Today, HUD said it plans to withdraw that aspect of the RESPA rule change and seek public comment on defining the scope of prohibitions on "required use" of affiliated businesses.
Affiliated businesses are exempt from the "required use" provision as long as they offer a combination of settlement services at a total price lower than the sum of the market price of the individual services, and if the discount is not made up by higher costs elsewhere in the settlement process.
But HUD said home builders were offsetting the cost of incentives they offered by charging a higher interest rate, increasing a home's price, or inflating closing costs. So HUD narrowed the definition of "required use" to stipulate that only settlement services providers -- and not home builders -- qualified for the required-use exemption.
A press release HUD issued today might lead you to believe HUD is only delaying implementation of the new required use definition by another 90 days, to July 16, while it solicits public comment on whether to withdraw its new definition.

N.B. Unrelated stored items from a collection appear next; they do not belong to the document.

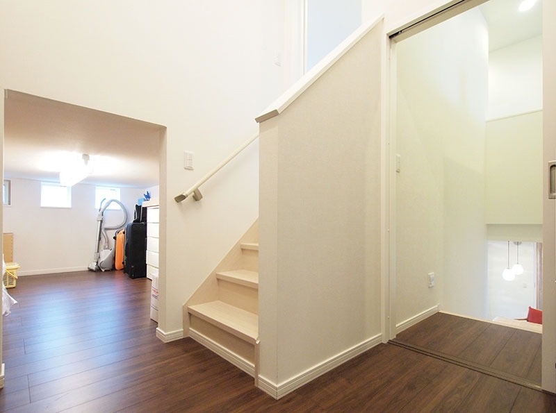 階段を上ると、まずは車庫の真上にある中2階に。そこは踊り場兼クローゼットになっていて、家族の洋服ダンスなどが置かれています。ご主人が仕事で夜遅く帰ってきた時に、奥様を起こさずに着替えができるようにという気づかいです。
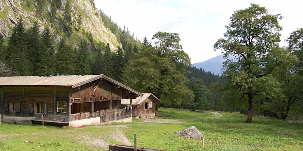 Auf dieser abwechslungsreichen Runde im Naturpark Karwendel in Tirol wandert man entlang imposanter Wandfluchten, die durchaus ein hochalpines Gefühl vermitteln. Während der Almsaison kann man auf der gemütlichen Rohntalalm einkehren. Ausgangspunkt der Tour ist die Hinterriß.
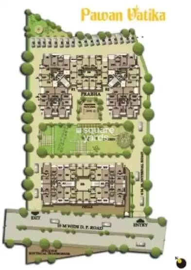 Pawan Vatika is comprised of two main residential blocks. The upper block appears to consist of four residential clusters or towers, while the lower block contains two residential clusters or towers. The overall layout integrates residential living with dedicated open spaces and access roads.
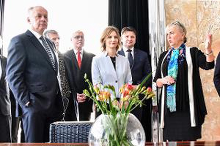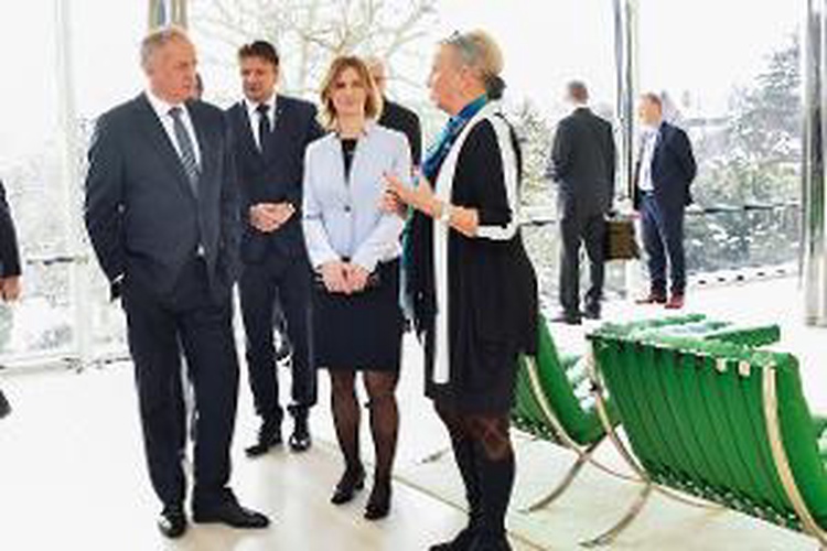 Po návštěvě Nové radnice se slovenský prezident spolu s brněnskou primátorkou odebrali do vily Tugendhat, kde slavnostně zahájili výstavu kostýmů z filmu Skleněný pokoj, který se v této funkcionalistické památce natáčel.

But a joint motion HUD and NAHB filed today with the U.S. District Court for the Eastern District of Virginia suggests they have already made the decision to withdraw the required use definition and start over.
From the motion:
"On today’s date, HUD officials have elected to seek the withdrawal of the very portion of the new RESPA rule (i.e., “required use”) that is the subject of plaintiffs’ challenge in the instant civil action. Agencies that seek to withdraw rules promulgated by the prior administration that have yet to go into effect must notice the same for public comment; here, HUD has provided a period of thirty (30) days. HUD officials have sent a notice to this effect to the Federal Register for immediate publication.
"As this Court is likely now aware, the administrative record in this case spans nearly 8,000 pages, and the legal issues raised by plaintiffs’ civil action are somewhat complex. Given the above, it would be a waste of scant judicial resources to have this Court review both that voluminous record and the parties’ substantial memoranda when the agency’s actions will likely render such time and effort moot. As a result, the parties have agreed that the filing of initial summary judgment memoranda on March 9, 2009, would be a waste of these very resources."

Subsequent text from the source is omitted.